Only the pictures are dropped. Restate each line below word for word.

[[ THE RECORDS open ]]

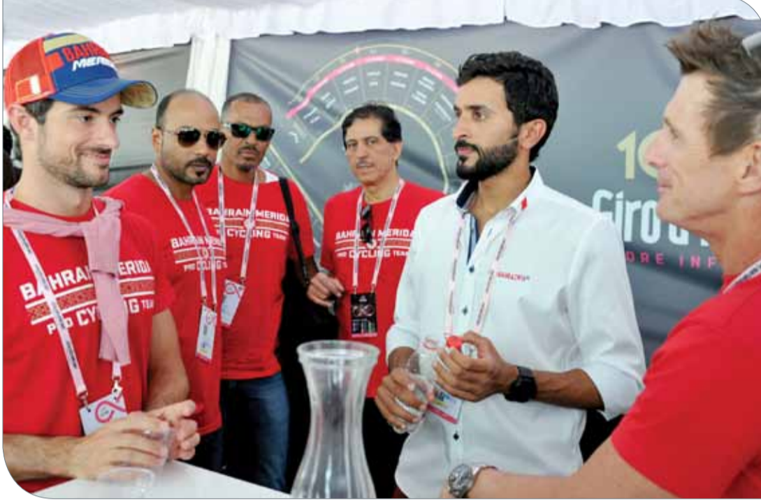
سمو الشيخ ناصر بن حمد أثناء حضوره السباق

وشدد سمو الشيخ ناصر بن حمد آل خليفة أن فريق البحرين ميريدا سيواصل حضوره ومشاركته القوية في مختلف البطولات العالمية، وقال "وضع الجهاز الفني لفريق البحرين ميريدا خطة لمشاركة الفريق في مختلف البطولات العالمية لتحقيق الإنجازات باسم المملكة، ونتطلع أن يوفق الفريق في الصعود إلى منصات التتويج، إذ إن ما حققه الفريق في سباق طواف إيطاليا الشهير يدعونا إلى التفاؤل بمستقبل أفضل".
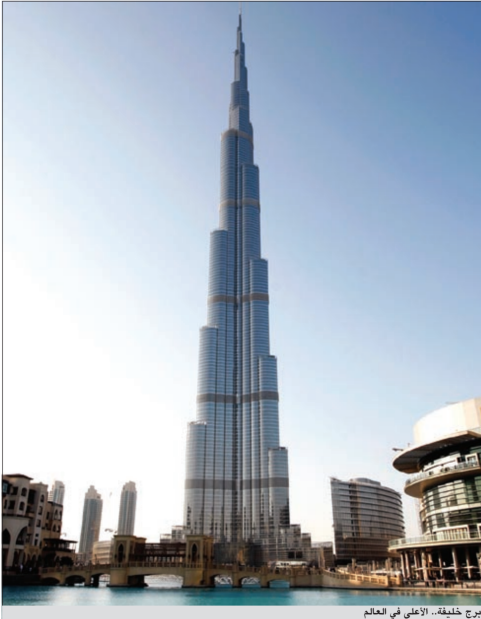
برج خليفة.. الأعلى في العالم

وتستضيف دولة الإمارات على أراضيها الملايين من العاملين من نحو 200 جنسية من مختلف قارات العالم، يتمتعون مع عائلاتهم بمستوى جيد من الإقامة والعيشة وبالأمن والاستقرار، ويتمتعون بحقوقهم كاملة التي تنظمها قوانين صارمة لعلاقات العمل، إضافة إلى حريتهم في ممارسة معتقداتهم وشعائرهم الدينية بحرية وأمان. كما تكفل القوانين حقوقهم في
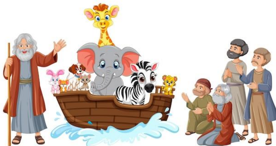
旧約聖書(ユダヤ教)のノアの方舟

しかし、アラブ側(パレスチナ)は強硬に反対し中東戦争が勃発し、それは1973年の第四次まで続きました。その後、イスラエルはエジプトやヨルダンと平和条約を結びましたが、中東戦争で獲得したゴラン高原の占領を続けています。1993年には、パレスチナ自治区(ガザ地区、ヨルダン川西岸)の暫定自治について、パレスチナ解放機構(パレスチナ暫定自治政府)と合意しましたが(オスロ合意)、その後も双方の衝突は続き、事実上オスロ合意は崩壊。イスラエル軍による空爆や、パレスチナ過激派組織によるテロが頻発、そして今回の戦争に至っています。
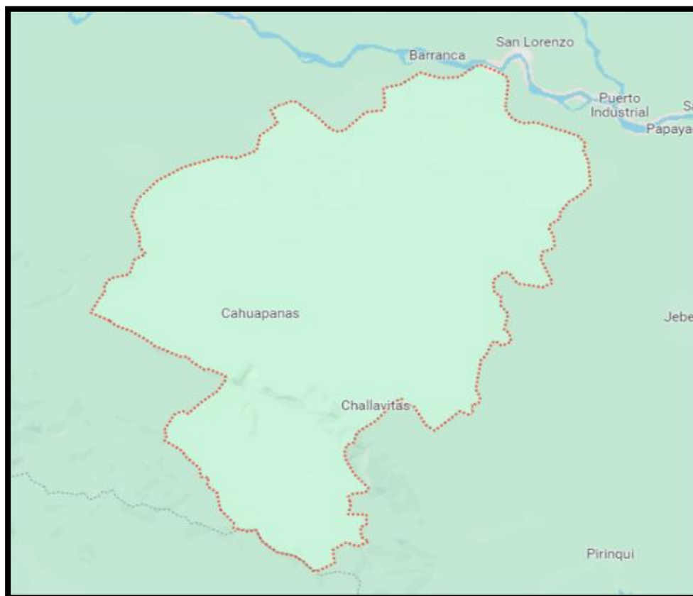
GRÁFICO N° 03: DISTRITO DE CAHUAPANAS

[[ THE RECORDS closed ]]

> _EXERCISE RESULT_
سمو الشيخ ناصر بن حمد أثناء حضوره السباق

وشدد سمو الشيخ ناصر بن حمد آل خليفة أن فريق البحرين ميريدا سيواصل حضوره ومشاركته القوية في مختلف البطولات العالمية، وقال "وضع الجهاز الفني لفريق البحرين ميريدا خطة لمشاركة الفريق في مختلف البطولات العالمية لتحقيق الإنجازات باسم المملكة، ونتطلع أن يوفق الفريق في الصعود إلى منصات التتويج، إذ إن ما حققه الفريق في سباق طواف إيطاليا الشهير يدعونا إلى التفاؤل بمستقبل أفضل".
برج خليفة.. الأعلى في العالم

وتستضيف دولة الإمارات على أراضيها الملايين من العاملين من نحو 200 جنسية من مختلف قارات العالم، يتمتعون مع عائلاتهم بمستوى جيد من الإقامة والعيشة وبالأمن والاستقرار، ويتمتعون بحقوقهم كاملة التي تنظمها قوانين صارمة لعلاقات العمل، إضافة إلى حريتهم في ممارسة معتقداتهم وشعائرهم الدينية بحرية وأمان. كما تكفل القوانين حقوقهم في
旧約聖書(ユダヤ教)のノアの方舟

しかし、アラブ側(パレスチナ)は強硬に反対し中東戦争が勃発し、それは1973年の第四次まで続きました。その後、イスラエルはエジプトやヨルダンと平和条約を結びましたが、中東戦争で獲得したゴラン高原の占領を続けています。1993年には、パレスチナ自治区(ガザ地区、ヨルダン川西岸)の暫定自治について、パレスチナ解放機構(パレスチナ暫定自治政府)と合意しましたが(オスロ合意)、その後も双方の衝突は続き、事実上オスロ合意は崩壊。イスラエル軍による空爆や、パレスチナ過激派組織によるテロが頻発、そして今回の戦争に至っています。
GRÁFICO N° 03: DISTRITO DE CAHUAPANAS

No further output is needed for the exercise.